I wrote a Book…

Working title: Failure is not Final

In one portion of my story, I share about my weight loss journey, and here is an excerpt from that section: 

   “This leads me to encourage the reader to consider the notions of comfort and discomfort. For example, coming from a history of at one time being very overweight, I had to ask myself, “how is this working out for me?” I was making a lot of unhealthy food choices and was making minimal effort to exercise. I could tell myself that I was “comfortable,” but was I really? Yes, eating that snack food mindlessly on the couch might have seemed “comfortable,” but it was way more uncomfortable to not feel and move well in my everyday life or to not have the energy to do various things I wanted to for fun, or to have to worry about poor health outcomes were I to continue down that path. I mentioned previously how I felt uncomfortable at amusement parks when I didn’t quite fit on rides comfortably with my daughter and how I felt uncomfortable having my picture taken. In essence, the habits and choices that I thought were making me “comfortable” (i.e. eating whatever I wanted, not exercising) were really adding to a greater sense of feeling uncomfortable.

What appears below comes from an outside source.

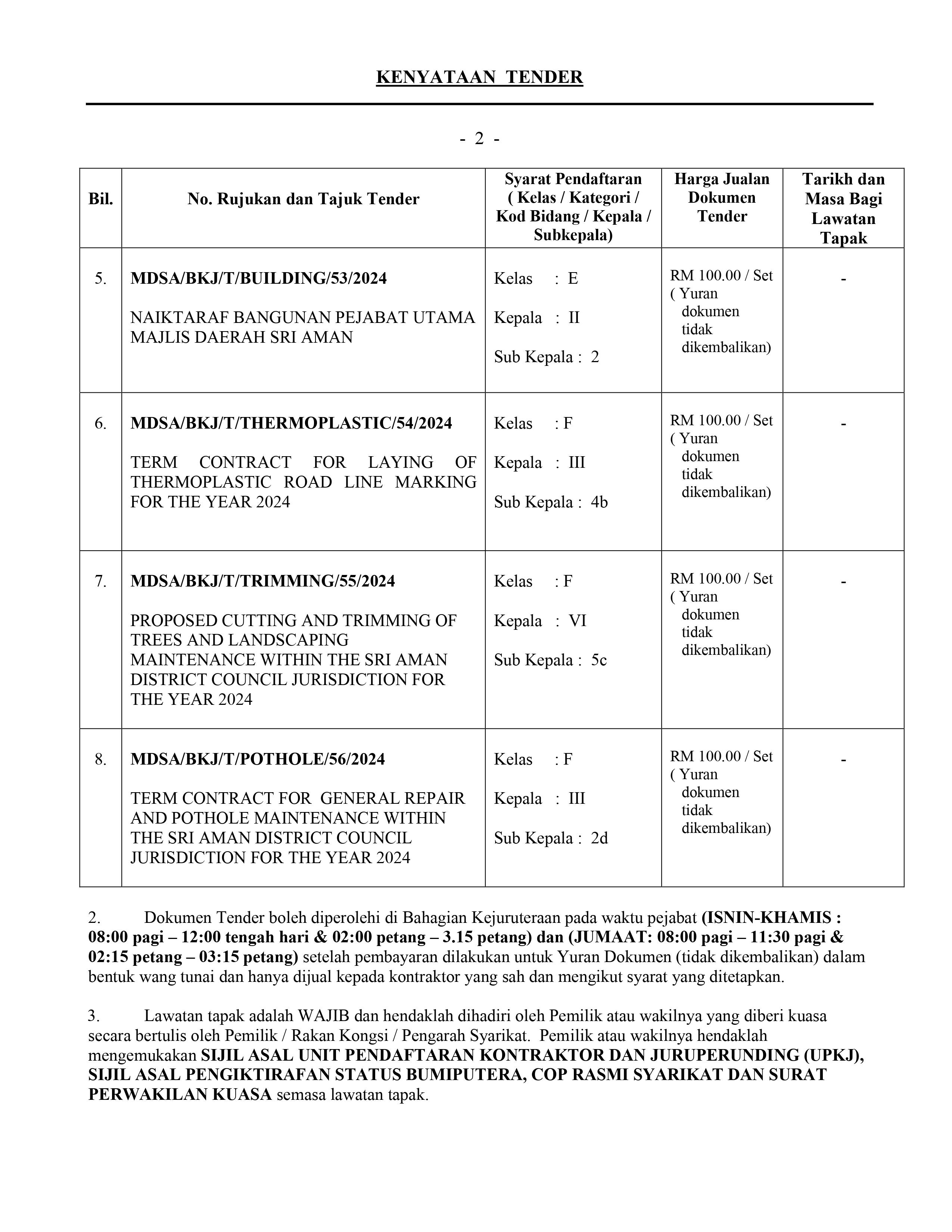 Senarai Kontraktor untuk Kerja Penyelenggaraan Tepi Jalan

Making the decision to change and pursue something different required me to embrace discomfort. The decision to eat healthier when it is far more convenient to not eat healthy was uncomfortable. Choosing to exercise regularly when it would be far more comfortable to just go home and sit on the couch, was uncomfortable. Showing up at a gym repeatedly where I saw people working out who were way fitter than me, was uncomfortable. Making the decision to eat healthier when my family was not 100% in alignment with what I wanted for myself was also uncomfortable.   

I had to accept those discomforts to achieve a new comfort in my life. With any change, what you find to be uncomfortable at first won’t always stay that way. Over time you will adjust to the new change and become comfortable with it. Now, I can comfortably enjoy a vibrant and more fulfilling life because of the decision to change some of my habits to support a different version of myself. Had I not willingly put myself in uncomfortable circumstances (and I provide a lot of examples of that in this book), I don’t know that I would have led the same fulfilling life I am having today and be blessed with so many wonderful life experiences. It all began with a desire to want something different for myself and being willing to allow one chapter to end so that I could start a new one.”

My goal release date is November 1st.